Se résoudre à le faire ne reviendrait-il pas à s'en remettre aux lois du modèle en place dont on sait désormais qu'il a partie liée avec la montée des injustices et qu'il constitue un facteur d'instabilité que la crise écologique souligne chaque jour.
C'est en cela que la gauche"moderne",qui veut voir dans les phénomènes grec, espagnol ou britannique une " gauchisation"se trompe. Il s'agit plutôt d'un sursaut venu des tréfonds de la gauche tout entière qui refuse l'abandon de ses valeurs fondamentales. Il ne s'agit donc pas plus d'un quitus donné aux plus radicaux. Seulement d'un refus d'aller plus loin sur le chemin de la démission et du renoncement !
Dramatiser ce sursaut en en faisant un outil d'une gauche contre une autre serait mortifère.
La tentation existe pourtant : pour les plus modérés de poursuivre leur fuite en avant pour échapper à la menace gauchiste qu'ils confondent avec l'instinct de survie qui anime de plus en plus de militants; pour les plus déterminés d'excommunier les " faibles", de stigmatiser les traîtres etc.
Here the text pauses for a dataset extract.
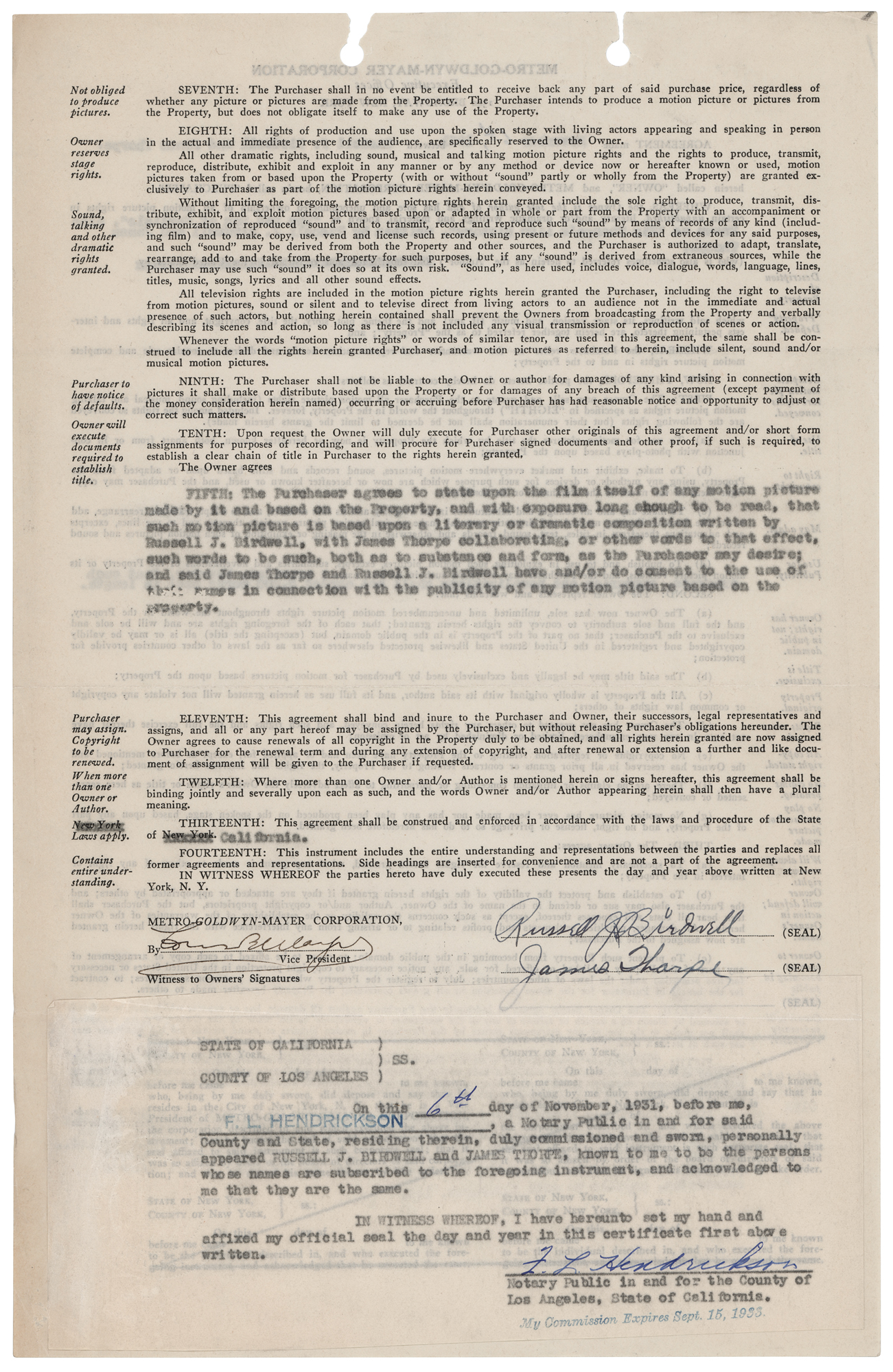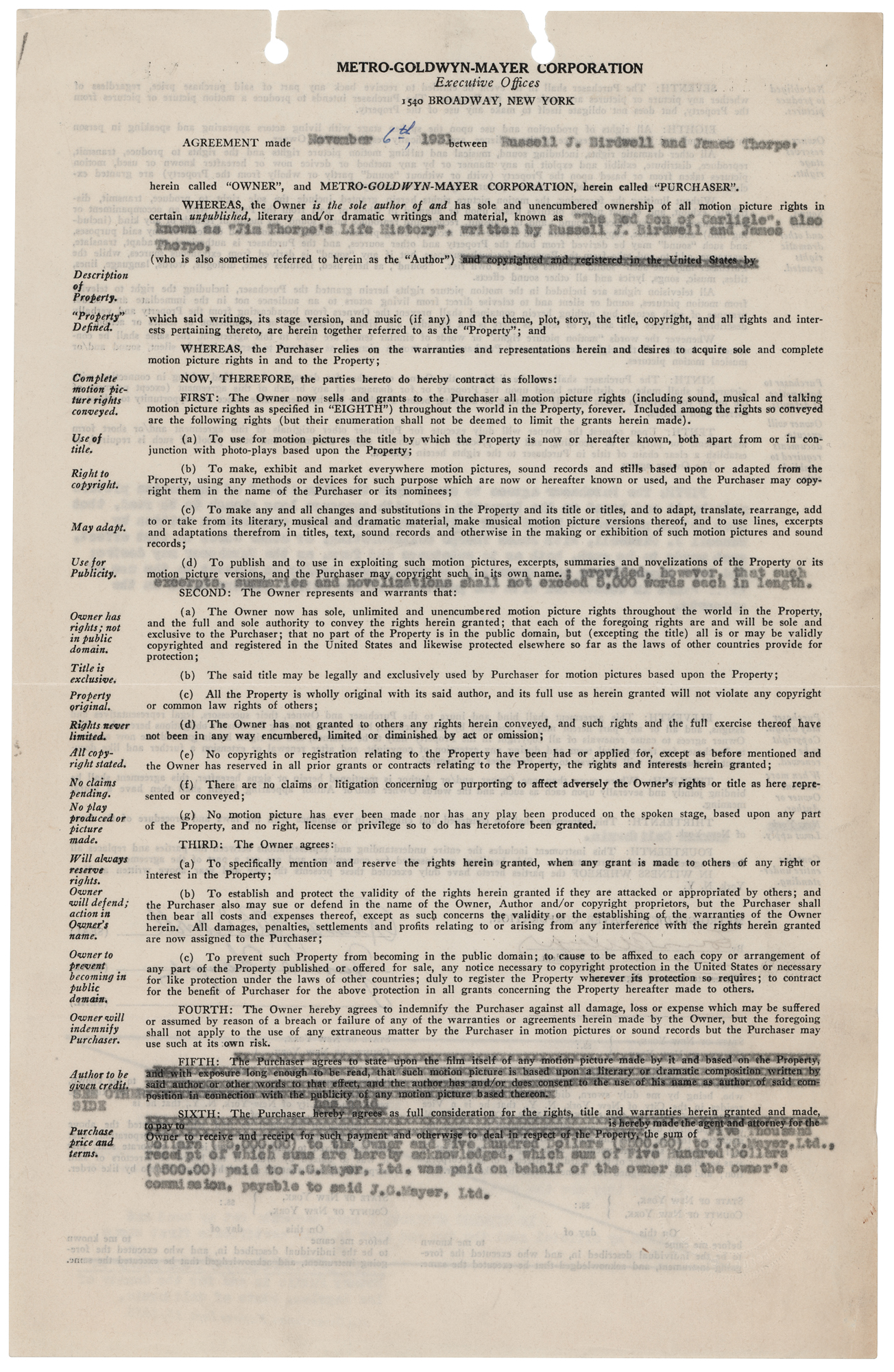 Versatile Native American athlete (1887–1953), widely regarded as the finest all-around athlete of the twentieth century, who won two Olympic gold medals and excelled in football, baseball, and basketball. His Olympic medals were stripped from him for an ostensible violation of the amateur-status rule (Thorpe had earlier played minor-league baseball) but were posthumously restored to him in 1983. DS, signed “James Thorpe,” one page, 9 x 14, November 6, 1931. Agreement between Jim Thorpe and Metro-Goldwyn-Mayer for the motion picture rights to his autobiography. In part: "Whereas, the Owner is the sole author of and has sole and unencumbered ownership of all motion picture rights in certain unpublished, literary and/or dramatic writings and material, known as 'The Red Son of Carlisle,' also known as 'Jim Thorpe's Life History,' written by Russell J. Birdwell and James Thorpe, (who is also sometimes referred to herein as the 'Author')…The Purchaser has paid as full consideration for the rights, title and warranties herein granted and made, the sum of Five Thousand Dollars ($5,000.00) to the Owner and Five Hundred Dollars ($500.00) to J. G. Mayer, Ltd… The Purchaser agrees to state upon the film itself of any motion picture made by it and based on the Property, and with exposure long enough to be read, that such motion picture is based upon a literary or dramatic composition written by Russell J. Birdwell, with James Thorpe collaborating, or other words to that effect." Signed at the conclusion in fountain pen by Jim Thorpe, Russell J. Birdwell, and Louis B. Mayer, with a notarized slip affixed below. In fine condition. Although MGM ultimately did not produce a movie based on Thorpe's life story, Warner Bros. would make Jim Thorpe – All-American in 1951, starring Burt Lancaster in the title role.

L'enjeu est tout autre : il est d'inviter les deux camps à prendre la conscience des réalités.
Ce qui suppose pour les premiers d'ouvrir les yeux sur l'impasse dans laquelle ils s'enferment, à refuser le combat. Pour les autres de comprendre la nécessité de renouveler leur projet pour le rendre opérationnel dans un monde nouveau.
"L'adaptation au nouveau cours d'une économie mondialisée pouvait encore avoir un sens alors, et ceci d'autant plus que l'ouverture des frontières rendait obsolète tout projet fondé sur la seule défense des acquis sociaux. Le progrès de la construction européenne pouvait même laisser espérer l'émergence d'un État régulateur à l'échelle de l'UE. Mais tout cela relève désormais de l'illusion.
C'est qu'il s'est passé depuis un événement considérable qui nous oblige à déchausser nos anciennes lunettes : la crise de 2008."
Il est difficile de partager totalement cette analyse. Les suites de la crise de 2008 ont sans doute ouvert les yeux de ceux qui n’avaient pas encore compris quelle était la nature du projet européen, notamment depuis la création de l’euro.
Mais les conséquences de l’ouverture des frontières, que ce soit la mise en concurrence des travailleurs ou la nécessité d’ouvrir le capital des entreprises nationalisées, étaient largement prévisibles.
Par ailleurs, l’espoir de l’émergence d’un Etat régulateur a toujours été un espoir chimérique, la construction européenne reposant depuis l’origine sur un projet d’inspiration libérale.
La désaffection de l’électorat envers la gauche trouve son origine dans l’incapacité de celle-ci à reconnaître ses erreurs, erreurs qui l’ont conduite à jouer un rôle moteur dans la construction de l’Europe libérale et à se faire le chantre de la mondialisation heureuse.